BRIEF: Data follows below. Repeat exactly the lines between the line holding "由云南省委宣传部主管、云南日" and the line holding "The Casino 15", inclusive, and nothing more; drop pictures.
(DATASET CONTENT begins)
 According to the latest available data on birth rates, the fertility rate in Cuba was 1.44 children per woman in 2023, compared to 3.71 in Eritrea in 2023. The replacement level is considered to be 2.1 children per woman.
(DATASET CONTENT ends)
(DATASET CONTENT begins)
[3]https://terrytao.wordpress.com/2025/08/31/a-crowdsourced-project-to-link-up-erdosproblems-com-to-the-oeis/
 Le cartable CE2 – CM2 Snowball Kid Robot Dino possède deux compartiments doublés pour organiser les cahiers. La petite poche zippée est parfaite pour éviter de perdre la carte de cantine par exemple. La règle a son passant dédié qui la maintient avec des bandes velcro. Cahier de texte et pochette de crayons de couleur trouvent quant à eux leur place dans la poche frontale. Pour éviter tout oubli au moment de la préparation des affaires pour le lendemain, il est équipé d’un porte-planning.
(DATASET CONTENT ends)
(DATASET CONTENT begins)
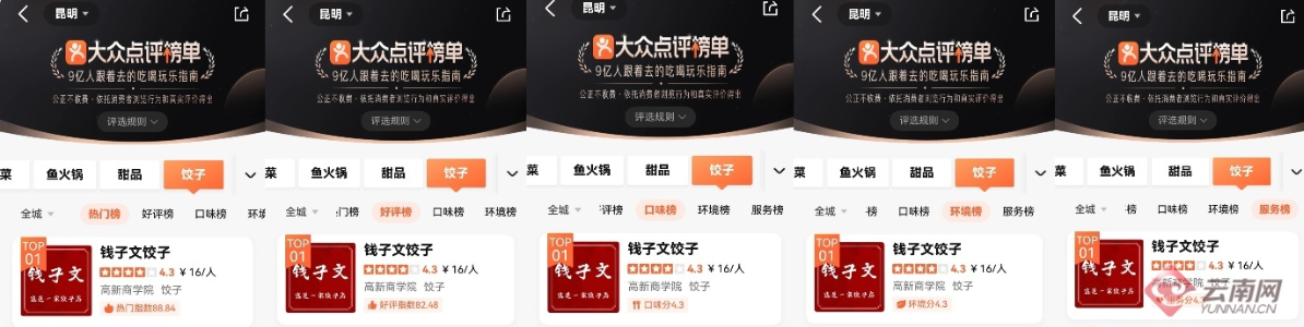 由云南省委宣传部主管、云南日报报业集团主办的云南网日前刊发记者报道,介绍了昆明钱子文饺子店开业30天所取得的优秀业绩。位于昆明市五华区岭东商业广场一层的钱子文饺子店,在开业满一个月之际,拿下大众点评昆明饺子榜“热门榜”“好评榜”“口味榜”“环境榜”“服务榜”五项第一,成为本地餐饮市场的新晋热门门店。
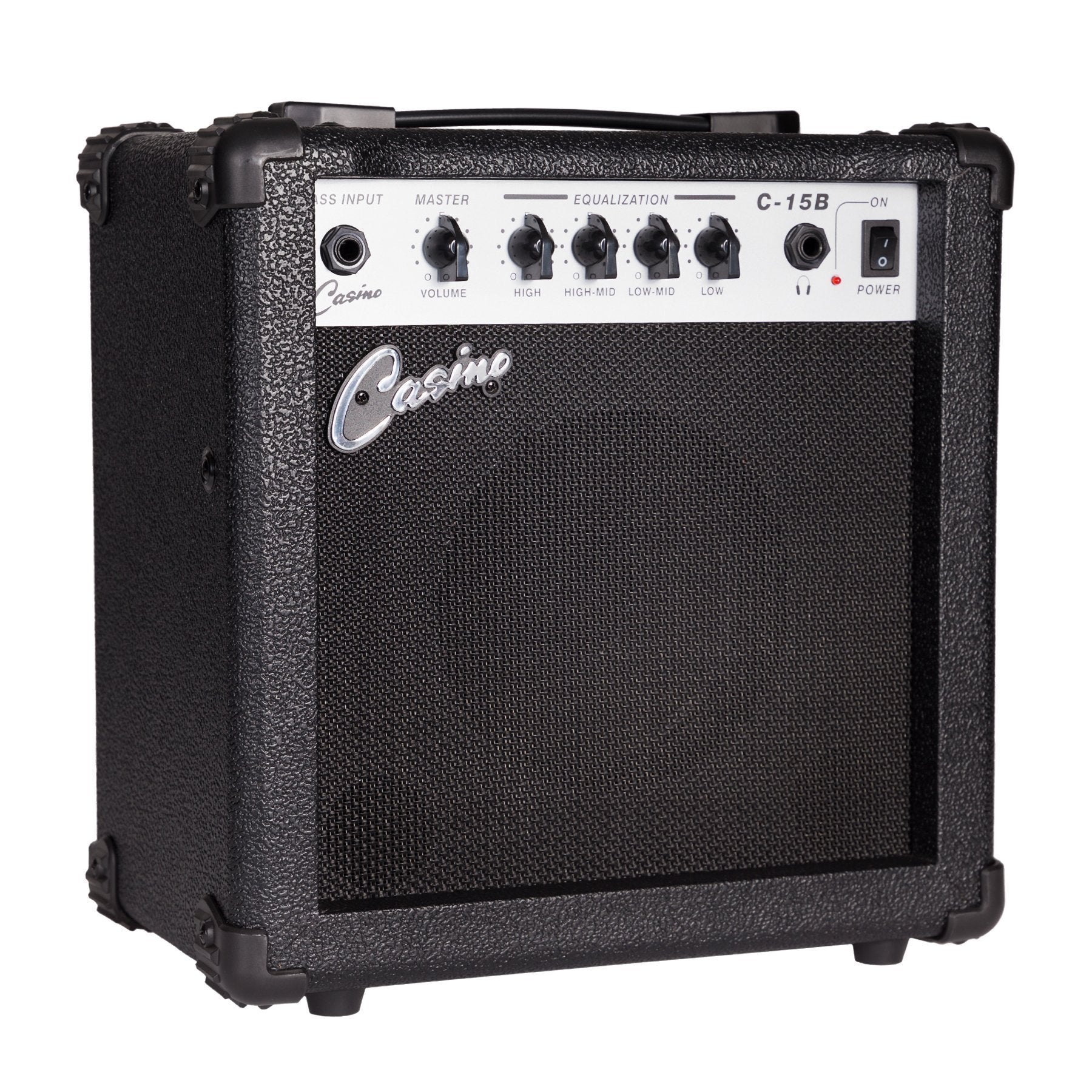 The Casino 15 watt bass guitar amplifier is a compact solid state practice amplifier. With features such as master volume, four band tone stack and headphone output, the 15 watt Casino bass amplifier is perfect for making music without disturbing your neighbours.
(DATASET CONTENT ends)
TASK OUTPUT:
 由云南省委宣传部主管、云南日报报业集团主办的云南网日前刊发记者报道,介绍了昆明钱子文饺子店开业30天所取得的优秀业绩。位于昆明市五华区岭东商业广场一层的钱子文饺子店,在开业满一个月之际,拿下大众点评昆明饺子榜“热门榜”“好评榜”“口味榜”“环境榜”“服务榜”五项第一,成为本地餐饮市场的新晋热门门店。
 The Casino 15 watt bass guitar amplifier is a compact solid state practice amplifier. With features such as master volume, four band tone stack and headphone output, the 15 watt Casino bass amplifier is perfect for making music without disturbing your neighbours.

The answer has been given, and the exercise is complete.